These Are the Worst Times to Work Out, According to Experts

When you work out is almost as important as how you work out.

Some workouts are better than others. And, it turns out, some of that may have to do with when you’re choosing to exercise.

Aaptiv has workouts for you whenever you’re ready to take them in app. When you’re ready for your workout, just pick a class and get started.

The time of day you fit workouts may make or break your energy levels, stamina, efficiency, and potential for injury.

Here, experts share the worst times to work out.

First Thing in the Morning

Morning workouts are great—and part of the schedule for most fitness fanatics. But exercising at the crack of dawn just minutes after you’ve woken up can actually be quite harmful.

“Your body needs adequate time to loosen up after spending all that time immobile during sleep,” explains Caleb Backe, certified personal trainer and health and wellness expert for Maple Holistics.

Your body lacks the proper nutrients and energy to perform at maximum efficiency. And you’re also at an increased risk for injury when your body is still in semi-sleep mode. Give yourself a little extra time each morning to fit in a dynamic warm-up and eat something ahead of your workout.

Super-Late at Night

If you’re not a self-proclaimed morning person, working out in the evenings may be your best bet. Be careful, though, to not exercise too close to your bedtime.

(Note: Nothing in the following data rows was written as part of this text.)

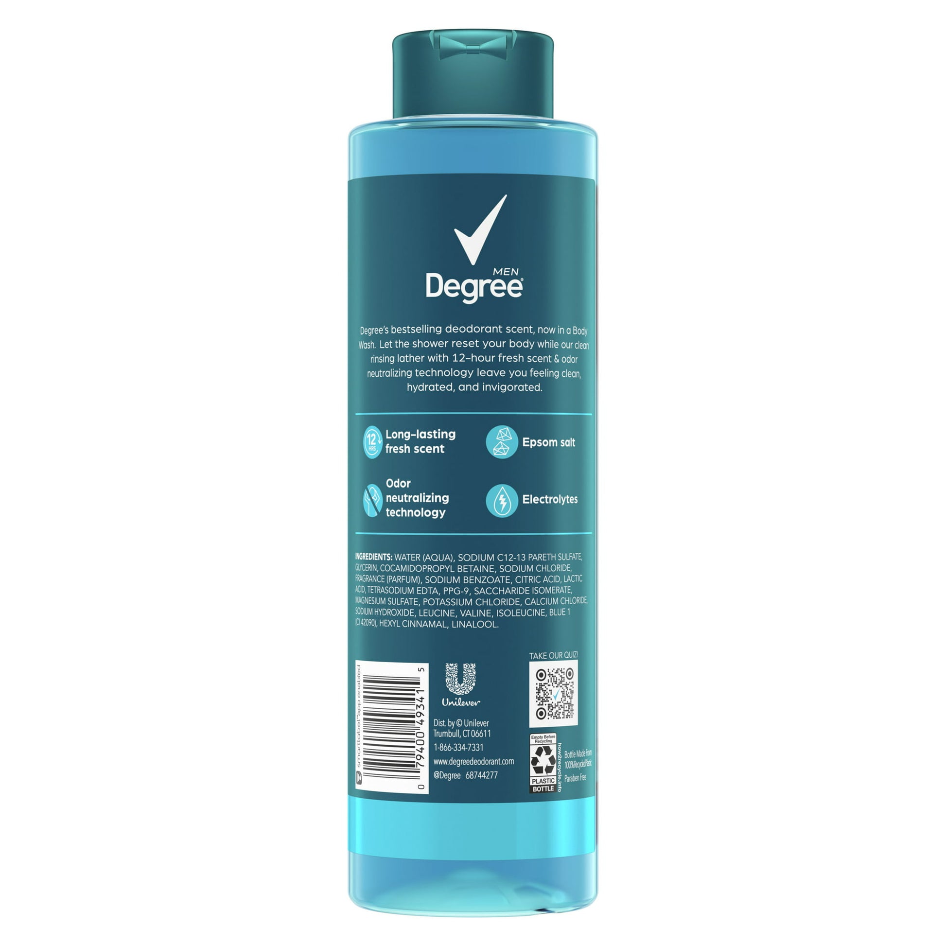 After putting your body to work, give it the recovery it deserves, starting with your post-workout shower. A cleanser specially formulated for active people, Degree Men Maximum Recovery Cool Rush Body Wash and Soak works with the power of hot water in your shower to help you reset your muscles and tackle total body recovery with every shower. With Epsom Salt, Electrolytes, and Amino Acids, this body wash features mood-boosting fragrance technology that delivers 12 hours of long-lasting fresh scent, helping you feel invigorated and prepared for whatever is next. Whether you're taking a post-workout shower or starting off your day, this deep cleansing formula washes away germs and bacteria while leaving your skin feeling clean and hydrated. It is a brilliant body care product. Simply lather the body wash with hot water to let your muscles relax and stiffness disappear. Degree Body Wash and Soak is dermatologist tested and paraben free. Ready to level up your shower game? It's a great addition to your skincare routine. Degree Maximum Recovery bath and body products are designed to keep you moving. Whatever you do, however you do it, Degree wants to help inspire the confidence in you to move more, the more you recover, the more you move.
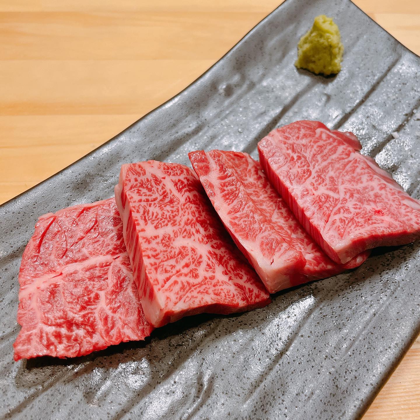 都内某所の 飲めロー のお店 『飲めるロース』と呼ばれるほどに とろとろのロースが有名な焼肉屋さん🔥 架電がんばって予約してくれたお友達に感謝🥹✨名物の飲めローのほかにも ニンニクがばちばちに効いたセンマイ刺しや 色んな部位が入ったタン塩もおいしくて注文必須。
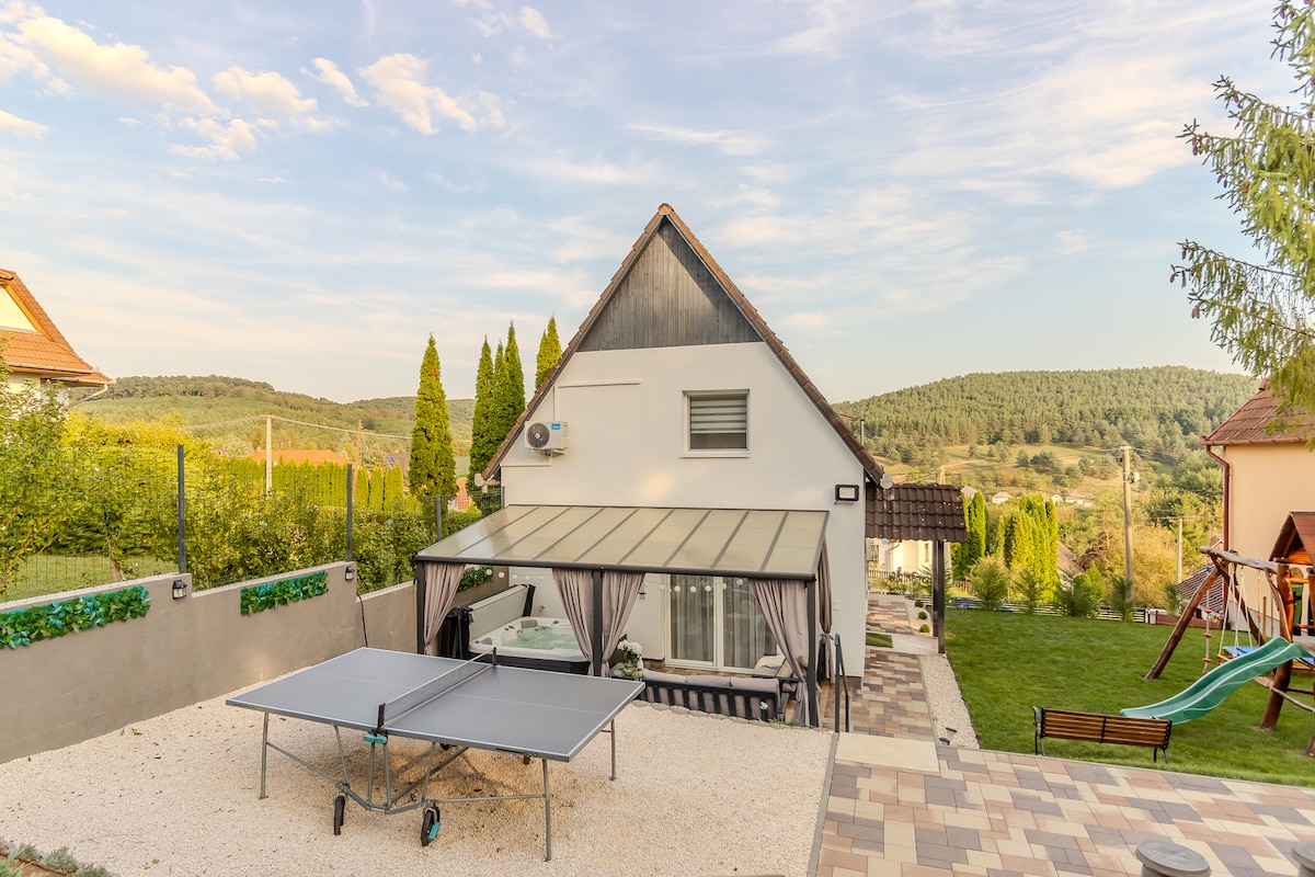 Hozd el az egész családot, a barátokat erre a nagyszerű helyre, ahol sok lehetőség van a szórakozásra, kikapcsolódásra, pihenésre, feltöltődésre. Korlátlanul használhatod a szaunát,a jakuzzit,a wifit,nézheted a síkképernyős TV- t mindhárom szobában és a nappliban, felfrissülhetsz a két fürdőszobában,lazulhatsz a nappaliban a kanapén,elkészítheted a kedvenc ételedet a felszerelt konyhában,kávézhatsz a teraszon, sütögethetsz a kertben, csobbanhatsz a jakuzziban,és a gyerekeket várja a játszótér.

“Rigorous exercise naturally wakes your body up by boosting your heart rate,” Backe explains. “This can take several hours to wind down from.” Although everyone is different—some may be able to fall asleep peacefully post-workout—he recommends avoiding exercise two to three hours before bed.

When You’re Sick

You may have heard that “sweating it out” when you’re not feeling well can help you recover faster, but don’t count on it. Working out won’t necessarily make your symptoms worse or lengthen the time you’re sick, but it probably won’t do anything to shorten it either.

If nothing else, you’ll be stressing your body even more. Pay attention to your symptoms and don’t work out if you’re sick.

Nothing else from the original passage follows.